Speaking exclusively to ScreenDaily, Stan McCoy, MPAA’s Brussel-based president and MD for EMEA, said: “Rhere are really two reasons why the MPAA came to Berlin this year.
“Firstly, film production between Germany and America has never been stronger. You don’t have to look any further than Homeland [fifth season shooting in the Berlin-Brandenburg region], Grand Budapest Hotel and Monuments Men to understand that.
“Secondly, the German industry has stepped up to take leadership on issues surrounding the Digital Single Market and the threat it poses to the film sector.
“The members of the MPAA are very much interested in understanding the situation that confronts the entire sector in Europe and understanding how we can be helpful to our European partners and confronting these challenges.”
McCoy was speaking as he and some of the studio executives attended the German Producers Alliance’s annual summer get-together on the banks of the River Spree next to the Haus der Kulturen der Welt (affectionately nicknamed “The Pregnant Oyster” by Berliners).
Special mention was made of the US guests by Alliance’s chairman Alexander Thies in his opening speech at the event attended by key players in the German film and TV industries.
The guests ranged from State Minister for Culture and Media Monika Grütters and Alfred Holighaus, president of the German film industry’s ‘umbrella organisation’ SPIO, through film producers Stefan Arndt (X Filme Creative Pool), Martin Moszkowicz (Constantin Film), Tom Zickler (Barefoot Films), Gabriele Walther (Caligari Film), Michael Eckelt (Riva Film) to filmmakers Doris Dörrie, Pepe Danquart and funders Klaus Schaefer (FFF Bayern) and Eva Hubert (Filmförderung Hamburg Schleswig-Holstein), among others.

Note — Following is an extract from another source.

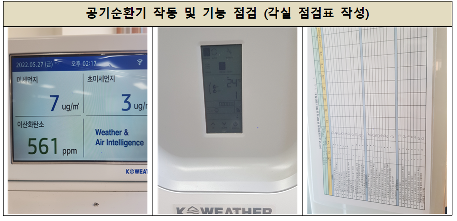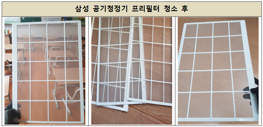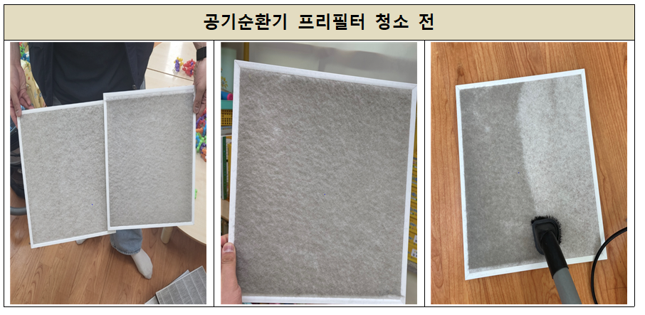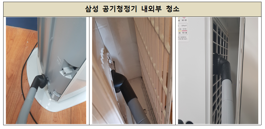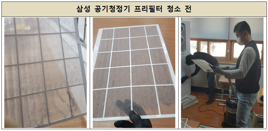 작업은 기기 점검 및 필터 점검 후 청소,

Brussels film strategy “a mess”
Earlier in the day, Peter Dinges, CEO of the German Federal Film Board and president of the European Film Agency Directors (EFADs) network, turned his attention to the Commission’s DSM strategy during the public part of the German Producers Alliance’s members meeting.
He ended a presentation on film co-productions between Germany and France by quoting a recent remark by one of his EFADs colleagues about the Commission’s film policy: “There is no film strategy in Brussels. There is a mess.
“He might have exaggerated a little bit, but what he meant is clear: we must work together to find a strategy for European cinema within the framework of the Digital Single Market and in the digital age, not only to preserve but also promote the cultural diversity and filmmaking in Europe.”
Ansip keeps on track
EC vp Andrus Ansip, one of the masterminds of the DSM strategy, showed earlier this week at the Midem music industry trade fair in Cannes, that he is not making any signs of wavering from the line he has presented on numerous occasions in previous weeks.
Giving a keynote on Midem’s last day, Ansip professed an interest in a dialogue with the cultural and creative industries.
“Everybody who has ideas and proposals of how to reform this existing copyright system, how to create a real level playing field, all of those proposals are very welcome,” said Ansip.
However, in the session’s final minutes allotted to a Q&A, he seemed to be loathe to give specific responses to concrete concerns from practitioners within the music industry about the Commission’s intentions.
For instance, Irish-born composer and musician Brian Crosby pointed out that “there is a current large discrepancy in how the royalties distributed from music platforms are distributed to the full rights holders” and asked what the Commission’s plans were to address this problem.
But in his answer, Ansip chose instead to speak only superficially about the three targeted areas in the proposed copyright reform: text and data mining, exceptions, and the principle of territoriality.
A similarly unsatisfactory response came from the Commissioner when a UK lawyer explained that, when talking with rightsholders, “they say: ‘If there was business demand for cross-border access and portability, we would have delivered it already. If there is an economic case for it, we would have done it.’”
“What do you say to them by saying ‘We are just going to introduce legislation that will deliver that for you.’ Why not leave it to the business?,” the lawyer asked.
Following his appearance at Midem, Ansip reportedly met up with Google executive chairman Eric Schmidt in Berlin where the US entrepreneur gave a keynote at the NOAH conference on Wednesday (June 10).